Sunday, May 13, 2012

A Mixture on Mother's Day

Mother's Day, for me, is a day full of paradox and emotion.  It is not a simple day to celebrate my motherhood, for my journey into that institution was (and is) a journey with complexity, sadness, joy, and anxiety.

My first Mother's Day was in 2008.  It was a day of great sadness and terrible confusion.  My dear twin boys were born just two months before and had died hours after their birth.  The question burned inside of me:  Was I truly a Mother?  If I was, how was Mother's Day built to include me?

The answer - quite simply - was that Mother's Day wasn't designed to include me, but that I was certainly a mother.  My children were gone, but their permanent imprint on my life was to bestow upon me the title "Mother" for the very first time.  Their little lives transformed my own forever, even as they slipped into eternity so soon after their birth.  I could never wipe their little noses or choose the overalls they would wear.  I could never shout at them to hold my hand, or smile when they built a tower of blocks.  I could not worry about them or train them up to be little boys of God, because they were with God.  In that way, my parenting duties were minimal, at best.  But on Mother's Day in 2008, I went to their grave in Lancaster County, and carefully laid flowers there for them and tidied up the space.  (I used to call that 'cleaning their room').  I made everything look as perfect as possible, fussing over every details as any mother would.  But when I left that space, the world didn't see me as a mother.  I ventured out on Mother's Day with my arms empty and no one wished my "happy mother's day".  Few family members understood what to do for me on that day, and I could not tell them.  In 2008, I was left to wonder if the only children I would ever hold were the children that I had buried.

On Mother's Day 2009, my belly was round as I carried my daughter.  She was due in less than two months (but would actually be born in mere weeks!) and I was dressed beautifully in a pastel maternity dress.  We went to brunch.  My arms were still empty, but there was no mistaking my figure - a child would be born.  Strangers would smile at me.  I remember one person who said, "Oh, it's too bad your little one didn't show up sooner - you've just missed Mother's Day!"  I nodded at his ignorance, for he could never know the tiny twins who made me a mother a year before, or understand that even though Chelsea was not yet born, I was already a mother to her.  It was a Mother's Day of expectation, joy, and sadness.  Expectation for the child we had yet to meet, joy and hope for her safe arrival, and sadness for the little boys who didn't share a space at the brunch table that day, but who were very much in our hearts.
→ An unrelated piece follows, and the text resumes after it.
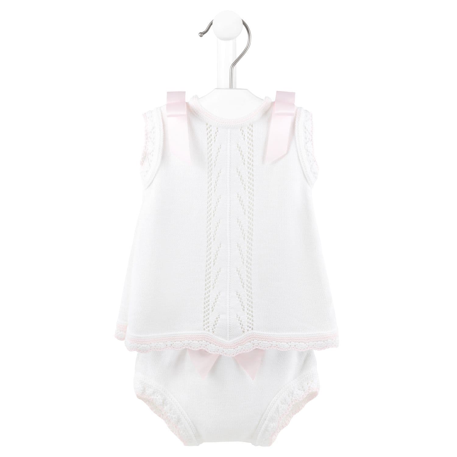 • Beautiful acrylic knitted baby girls dress with pique collar and Bows

Mother's Day 2010 was the first Mother's Day where I ventured proudly into the world.  It was the first Mother's Day where everyone who saw me smiled at our little girl and said, "Happy Mother's Day".  There was no hesitation or confusion.  I had entered the "club"; my daughter looked adorable in her flowered dress and I was a mother, inside and out. 

Mother's Day 2011 wasn't particularly spectacular.  I had been in a car accident the previous day and spent some of my time in the emergency room being examined for injuries! 

Enter Mother's Day 2012.  Again, I venture out with my family.  Again, my little girl looks adorable in her purple fluttery dress.  We sit at brunch, and everyone smiles at us and wishes me a happy mother's day.  I receive a card and the special attention I have earned in my role as mother.  It is a day full of joy, sadness, and anxious anticipation.

There is joy for the little girl who sits at the opposite end of the table, asking for "More bread please!" and playing games with her Pop Pop and Grandma.  There is sadness for the two little faces who will never join us at an earthly table.  There is anxious anticipation, beause this year we know our future son is far away.  He doesn't know he has a mother who is coming.  He has no one with him on this day.  It is my last mother's day as a mother of one living child.  Imagining the Mother's Day table next year is difficult to envision, yet we pray that it will happen quickly and there will be our little Joshua beside his sister. 

Mother's Day is a complicated day, and this one has been no different.  I am the mother of little boys who I scarcely met before they died.  I am the mother of a little girl with autism who has an infectious laugh and glimmering eyes.  And I am working to be the mother of a little boy who weighs 19 pounds and lives in The Bad Place, where few take notice of him and where his health continues to deteriorate.

God bless all mothers today; those who have children in their arms, those who are waiting for their children in faraway lands, and those mothers who are "invisible" mothers, but mothers just the same.